While each body region had very distinct sets of Ub-Ab curves, the various body habitats, if grouped by body regions, were relatively similar. This indicates that the characteristics necessary to group individual samples by habitat are well-conserved in this representation of cohort taxonomic structure. Body regions can be readily discerned from each other visually, but at the body habitat level, a more quantitative approach, which is introduced in “Comparing the microbiota of two cohorts”, may be necessary to determine the statistical significance of differences between two groups of samples. The analysis of the core members of the microbial communities based on taxonomy for body regions is discussed later. The Ub-Ab output for all 18 body habits is available as Supplemental Material, File S1 (Ub-Ab Plots 18 Body Habitats).

The Core OTUs

The core OTUs were also computed on the 18 body habitats. Their values are listed in Table 1 (The Number of Core Genera and OTUs at Selected Ubiquity and Abundance Cutoffs), in parentheses, next to the genera counts. At 10% | 75% and 1% | 80%, the number of core genera and OTUs were mostly in agreement, and it was confirmed that when a genus was shared across a body region, the underlying OTU(s) were shared, as well. The core OTU identifiers for each body habitat were annotated next to their respective genera in Table 2 (The Core Genera and OTUs at 1% | 80% and 10% | 75%). With the exception of Streptococcus, OTUs #2 and #6, and Pasteurellaceae unclassified, OTUs #16 and #19, the core genera that were present across the body habitats could be represented by a single core OTU. At 1% | 80%, there were many cases in oral, skin, and stool body regions, where the OTUs underlying a core genus were no longer considered core OTUs because their distribution across the cohort was no longer ubiquitous. In Table 2 (The Core Genera and OTUs at 1% | 80% and 10% | 75%), these genera were marked with a hyphen within the parentheses. Nonetheless, in general the two approaches were in overall agreement.

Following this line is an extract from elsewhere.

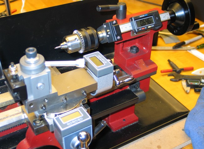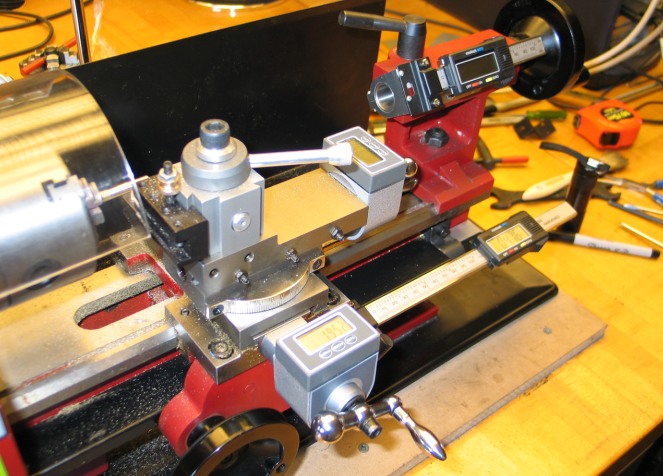 The DRO's make it very easy to keep track of where and how deep you are cutting on your stock. The Compound DRO's are from The Little Machine Shop. Pricey, about $150 for the pair |

The core OTUs for all body habitats are better analyzed in the context of the genera that they compose. Core genera at 1% | 80% were assigned colors for tongue dorsum, R antecubital fossa, vaginal introitus and stool in Figure 1 (Genera Ub-Ab Plots for 4 Body Habitats). The same colors were applied to the OTUs in Figure 2 (OTU Ub-Ab Plots for 4 Body Habitats).

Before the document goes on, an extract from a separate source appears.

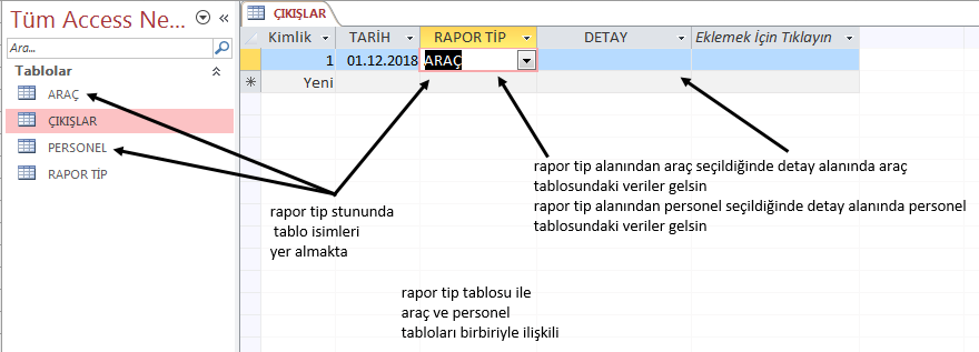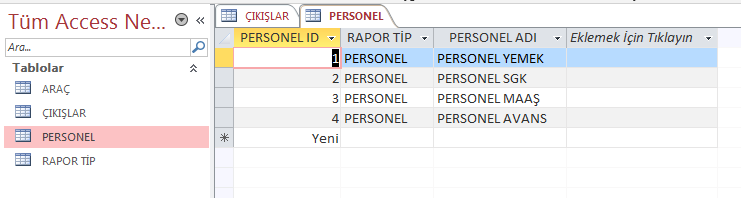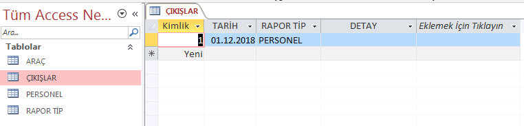 BU TABLO İÇİNDE YER ALAN VERİ DİĞER 2 TABLONUN İSİMLERİ (PERSONEL VE ARAÇ)

Figure 2. OTU Ub-Ab Plots for 4 Body Habitats.

These Ub-Ab plots were generated based on OTUs. The colored curves are based on the same colors used for the core genera in Figure 1. Lines with the same color belong to the same genera.

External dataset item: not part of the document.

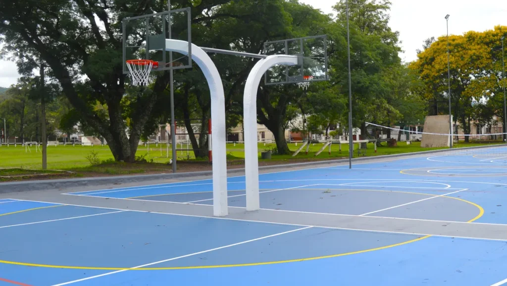 El Gobierno de Jujuy, mediante la Dirección Provincial de Arquitectura (DPA) , desplegó obras en cuatro canchas del Regimiento de Infantería de Montaña 20 (RIM 20) , adonde la colocación de seis aros y tableros de básquet y redes de vóley completan intervenciones que fueron desde demoliciones o pintura técnica de piso, a nueva iluminación.

In the tongue dorsum, the 8 core genera comprise many OTUs with various ubiquities. Prevotella was divided into the most OTUs, of which 6 were still present in more than 50% of the cohort. Streptococcus split into multiple OTUs, two of which (OTUs #2 and #6) still exceeded the 1% | 80% cutoff. The remaining 6 core genera were also composed of multiple OTUs, but in each case, a dominant underlying OTU remained ubiquitous and abundant enough to be a core representative.

Within the R antecubital fossa’s 3 core genera, only Corynebacterium divided into multiple OTUs, of which 3 were present at greater than 50% ubiquity. The division of Corynebacterium resulted in its loss from core membership at 1% | 80%, thus reducing the number of core OTUs for R antecubital fossa down to only 2.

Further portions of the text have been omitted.